A few weeks before he died in June 1966, hospitalised with leukaemia, news reached Lemaitre of Wilson and Penzius’ discovery, thus confirming the validity of his Fireworks Theory.

When did we make our entrance?

Archaeological evidence suggests the following timeline for us: tools were in use by our ancestors two million years ago; fire first burned 300,000 years ago; we began to speak 80,000 years ago; agriculture began 10,000 years ago and we began to write, only 5000 years ago.

That’s a lot of information and the numbers given are so large that it they are difficult to process. Suppose, as Carl Sagan has suggested in Cosmos, we consider this slightly differently. What if we compress the 13 billion year history of the universe into one calendar year? If this calendar were the size of a football pitch, all of human history would be the size of your fist. Our current location is 31 December and we are approaching midnight. Our starting point is January 1st. In this Cosmic Calendar, each month represents 1.25 billion years; each day, 40 million years; each hour, 1.8 million years; each minute, 30 thousand years and each second, 500 years.

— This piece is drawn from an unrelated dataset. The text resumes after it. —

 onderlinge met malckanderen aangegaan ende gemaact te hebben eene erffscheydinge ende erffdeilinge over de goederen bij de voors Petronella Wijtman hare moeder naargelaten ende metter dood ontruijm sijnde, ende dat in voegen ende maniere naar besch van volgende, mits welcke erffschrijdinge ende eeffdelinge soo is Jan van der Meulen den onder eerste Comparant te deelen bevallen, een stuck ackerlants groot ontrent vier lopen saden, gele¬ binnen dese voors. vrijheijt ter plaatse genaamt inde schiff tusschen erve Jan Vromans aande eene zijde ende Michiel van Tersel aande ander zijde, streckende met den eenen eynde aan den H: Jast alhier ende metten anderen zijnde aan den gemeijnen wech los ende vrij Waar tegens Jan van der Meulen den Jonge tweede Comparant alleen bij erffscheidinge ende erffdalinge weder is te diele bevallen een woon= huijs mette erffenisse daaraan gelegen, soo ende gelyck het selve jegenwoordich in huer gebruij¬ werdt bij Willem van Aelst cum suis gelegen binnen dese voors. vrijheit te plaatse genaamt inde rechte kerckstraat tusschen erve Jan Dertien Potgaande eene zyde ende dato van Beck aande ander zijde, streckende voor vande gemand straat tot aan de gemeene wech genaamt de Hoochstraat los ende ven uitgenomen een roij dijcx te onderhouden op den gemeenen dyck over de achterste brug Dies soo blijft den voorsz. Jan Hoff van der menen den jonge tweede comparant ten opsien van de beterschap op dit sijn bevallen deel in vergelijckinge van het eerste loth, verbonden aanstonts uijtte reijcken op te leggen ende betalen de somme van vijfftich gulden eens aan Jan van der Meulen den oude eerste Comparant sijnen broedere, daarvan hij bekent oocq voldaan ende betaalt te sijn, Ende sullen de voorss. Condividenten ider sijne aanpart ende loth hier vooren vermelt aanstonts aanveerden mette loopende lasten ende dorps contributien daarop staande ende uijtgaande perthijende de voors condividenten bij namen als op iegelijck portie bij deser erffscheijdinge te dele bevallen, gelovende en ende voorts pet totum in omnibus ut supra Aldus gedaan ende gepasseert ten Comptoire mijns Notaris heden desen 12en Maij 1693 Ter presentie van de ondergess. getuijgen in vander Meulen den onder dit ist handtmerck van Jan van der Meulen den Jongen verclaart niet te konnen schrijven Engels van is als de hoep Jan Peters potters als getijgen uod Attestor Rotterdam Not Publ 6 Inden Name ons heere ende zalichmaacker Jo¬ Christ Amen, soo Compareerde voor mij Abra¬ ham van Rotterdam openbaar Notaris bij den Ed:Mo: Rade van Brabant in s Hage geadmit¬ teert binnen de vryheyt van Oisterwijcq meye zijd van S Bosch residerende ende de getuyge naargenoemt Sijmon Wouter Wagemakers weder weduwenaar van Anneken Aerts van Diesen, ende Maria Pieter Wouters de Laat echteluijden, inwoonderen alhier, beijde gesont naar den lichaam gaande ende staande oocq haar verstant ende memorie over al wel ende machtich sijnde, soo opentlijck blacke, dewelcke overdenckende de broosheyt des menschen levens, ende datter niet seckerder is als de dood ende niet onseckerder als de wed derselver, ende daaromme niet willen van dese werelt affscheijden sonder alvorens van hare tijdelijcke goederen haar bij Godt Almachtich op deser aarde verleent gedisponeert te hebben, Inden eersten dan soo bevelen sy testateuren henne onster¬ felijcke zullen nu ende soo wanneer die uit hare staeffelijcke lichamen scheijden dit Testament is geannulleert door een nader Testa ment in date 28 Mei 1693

On January 1st, The Big Bang happens (13.8 billion years ago). On January 10th, the first stars are born. On January 13th, stars coalesce to form galaxies. On May 15th, The Milky Way is formed. On August 31st, our sun is born. On September 15th, the earth is born (4.5 billion years ago). On September 21st: life begins on earth. On December 24th the dinosaurs appear. On December 28th, the dinosaurs disappear again just as our first flowers bloom.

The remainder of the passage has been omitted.